Click the X in the top right of the Stringdb image to close the image and return to the table listing dependencies. By selecting 'Stringdb Interactive' instead of 'Stringdb image' you can view an interactive version of this network on the STRING website. This will allow you to view the evidence supporting each functional interactions, to alter the layout of the network, and to filter the network in different ways.
Step 5 – Identifying dependencies that can be exploited with existing inhibitors
A further goal of CancerGD is to facilitate follow on experimentation. One means to further explore or validate a dependency is to see if the same effect is observed using small molecule inhibitors rather than RNAi reagents. To that end we annotate all of our dependencies according to the availability of inhibitors. To view genes with available inhibitors, select 'Any' in the 'Inhibitors' column toggle. You will see a view resembling the below.
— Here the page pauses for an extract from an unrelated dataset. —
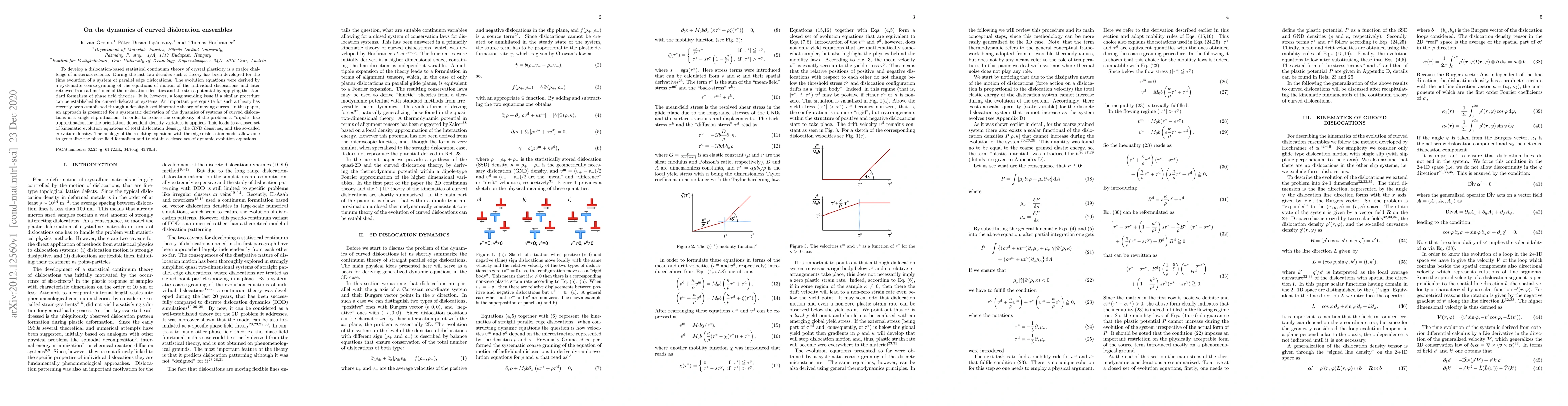 This paper develops a dislocation-based statistical continuum theory for the dynamics of curved dislocation ensembles in single slip situations, employing a dipole approximation to derive a closed set of kinematic evolution equations for total dislocation, geometrically necessary dislocation, and curvature densities. The approach generalizes the phase field formalism for edge dislocations to curved dislocation systems.

This filters the dependencies so that only those genes with known inhibitors are presented. The mapping from genes to inhibitors is taken from the DGIdb resource. Clicking on any inhibitor name in the Inhibitors column will bring the user to DGIdb, where details on the inhibitor are provided. For some genes there are more inhibitors available than can be presented in the Inhibitors column. These are indicated with the text [more]. Clicking on [more] in any entry in the Inhibitors column will display the full list of inhibitors associated with that gene in a window like that shown below:
Clicking any inhibitor name within this window will bring the user to DGIdb, where details on the inhibitor are provided. Click the X to close this window.
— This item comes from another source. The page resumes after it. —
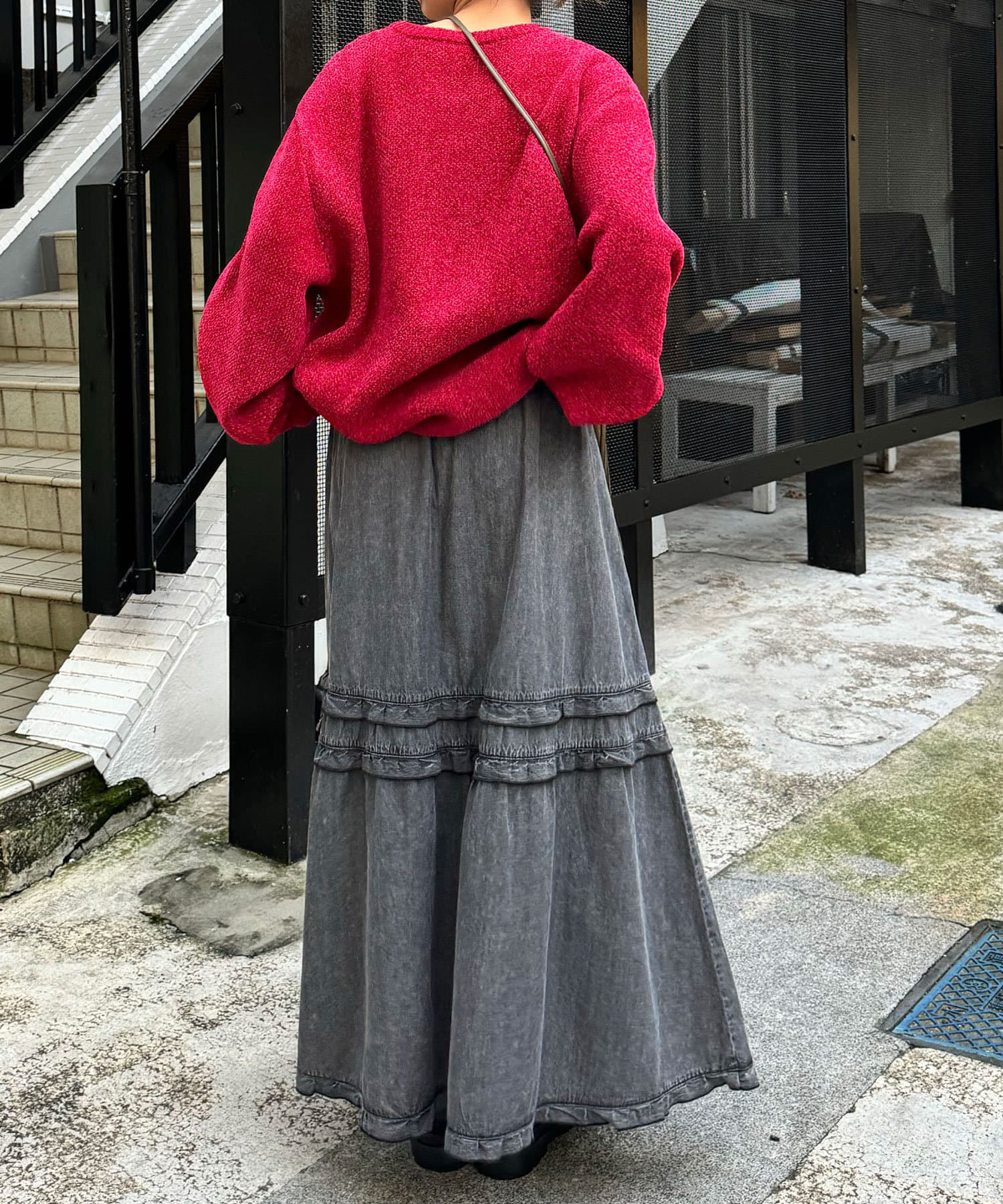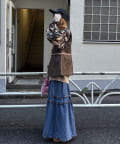 ヴィンテージ感たっぷりの加工デニムを使用したティアードスカート。

Step 6 – Identifying dependencies that have been observed in multiple datasets
A dependency observed in any one screen may be a statistical artefact, a context specific dependency, or a false positive resulting from the off-target effects of gene targetting reagents. Those dependencies observed in multiple independent datasets may make more promising candidates as they are less likely to be artefacts or false positive effects. To prioritise these for further validation, CancerGD allows easy filtering of the dependencies observed independently in multiple datasets. To view dependencies that have been associated with the same driver gene in the same tissue type, select 'Yes' in the 'Multiple Hit' column toggle. You will see a view resembling the below.
Hover over the 'Yes' text in the 'Multiple Hit' column to see the details of the screens that a specific gene has been identified as a dependency in.